The Formosa Resolution of 1955 was a joint resolution passed by the U.S. Senate and signed by U.S. President Dwight D. Eisenhower on January 29, 1955, to counteract the threat of an invasion of Taiwan (Republic of China) by the People's Republic of China (PRC). The resolution gave the U.S. president the authority "to employ the Armed Forces of the United States as he deems necessary for the specific purpose of securing and protecting Formosa [a name formerly used for the island of Taiwan] and the Pescadores against armed attack".

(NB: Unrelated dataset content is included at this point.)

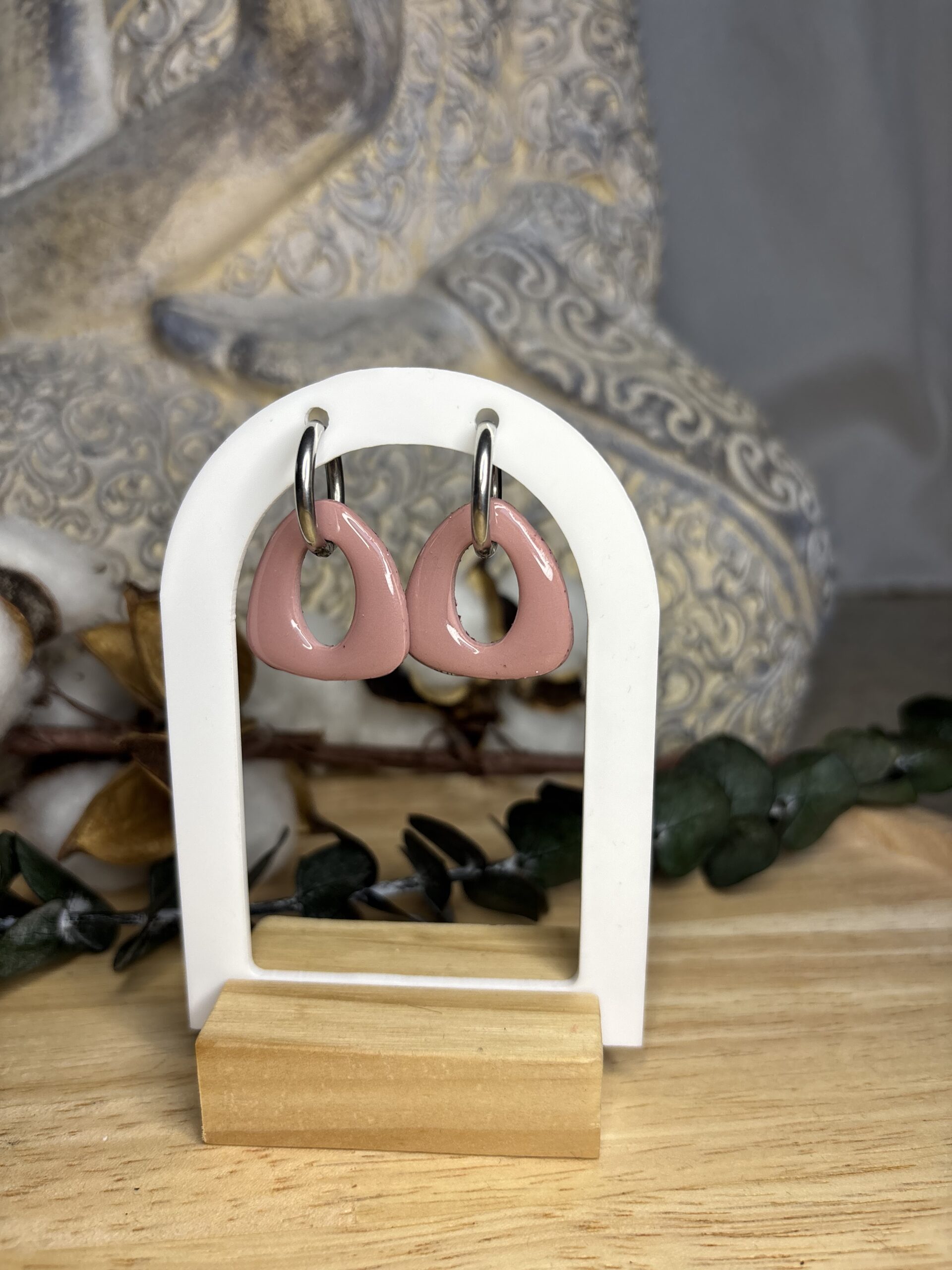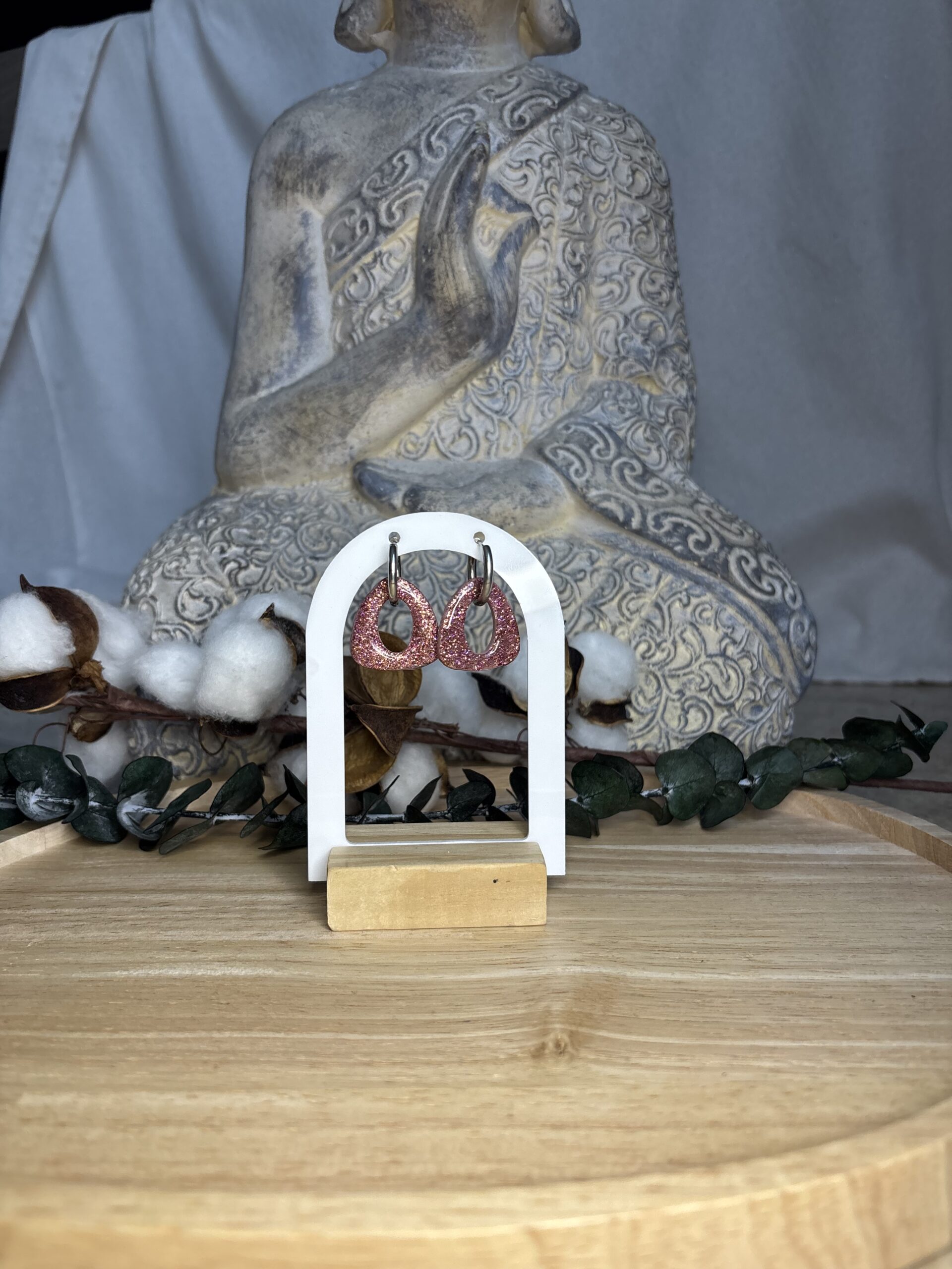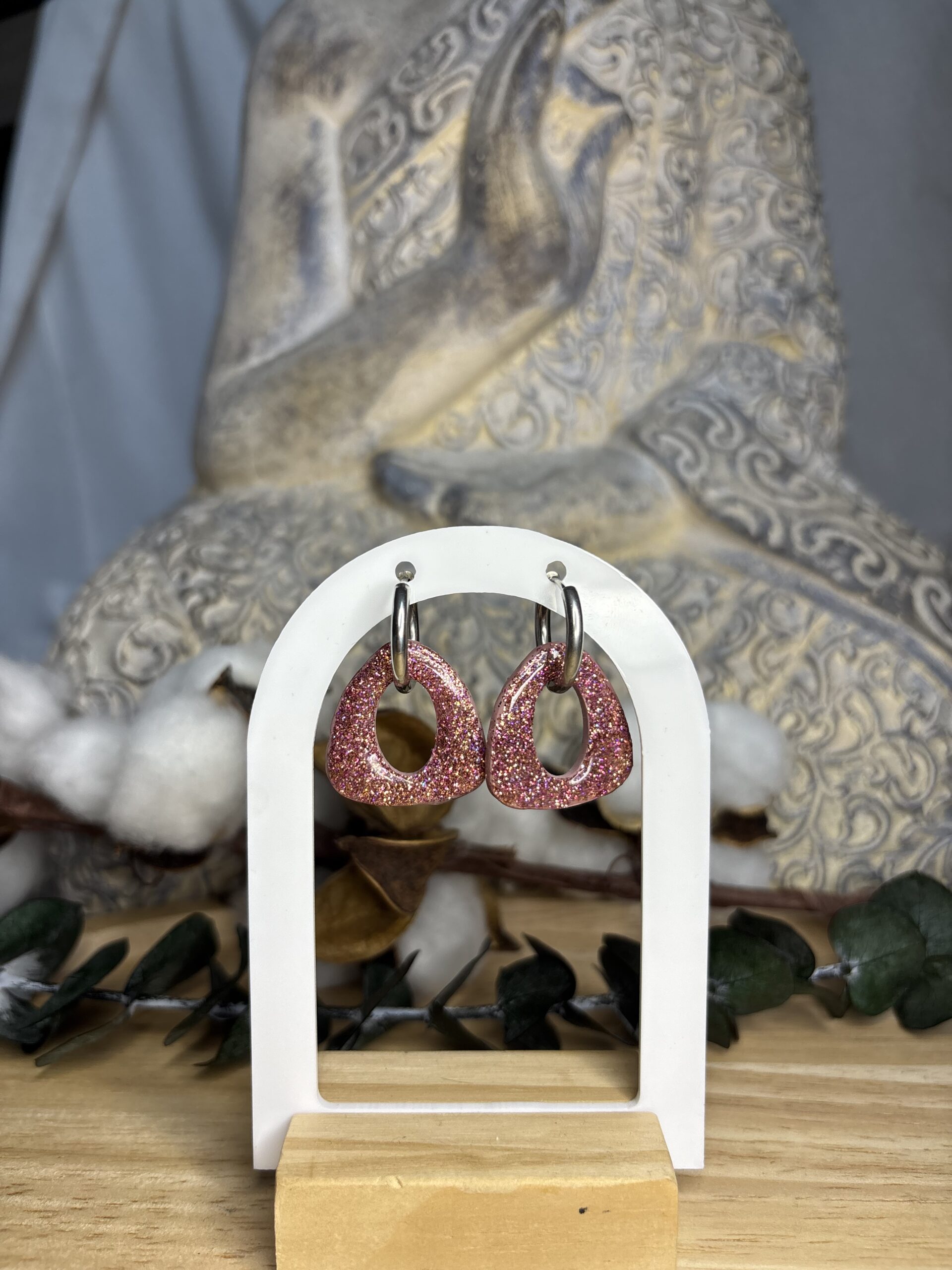 Apportez une touche d’éclat et de fantaisie à vos tenues avec nos boucles d’oreilles pampilles Maïa en forme de triangle réversible, un côté vieux rose et un côté pailleté.

The resolution was formulated amid the Taiwan Strait Crisis (1954–1955), which was a brief period of armed conflict that involved incursions made by the Chinese Communist Party (CCP) on the islands in the Taiwan Strait controlled by the Kuomintang (KMT) led Republic of China (ROC). A latent response by the United Nations Security Council regarding these developments prompted U.S. President Eisenhower to request the resolution in January 1955.

==Background==
===Qing China and WWII===
Formosa and its nearby islands were under Qing rule until the dynasty ceded their sovereignty to Japan in 1895 following its loss to the Japanese in the first Sino-Japanese War. Half a century later, in the midst of WWII, the Cairo Declaration of 1943 established that jurisdiction over the islands would be returned to China should Japan surrender. Following Japan's defeat, the United States, which fought with China as allies and had established diplomatic relations with country through the Treaty of Wanghia, formally acknowledged its right to reclaim all territories (including Formosa) stolen from it by Japan. In a statement of neutrality given by U.S. Secretary of State Dean Acheson in January 1950, the U.S. Government declared it was "not going to get involved militarily in any way on the Island".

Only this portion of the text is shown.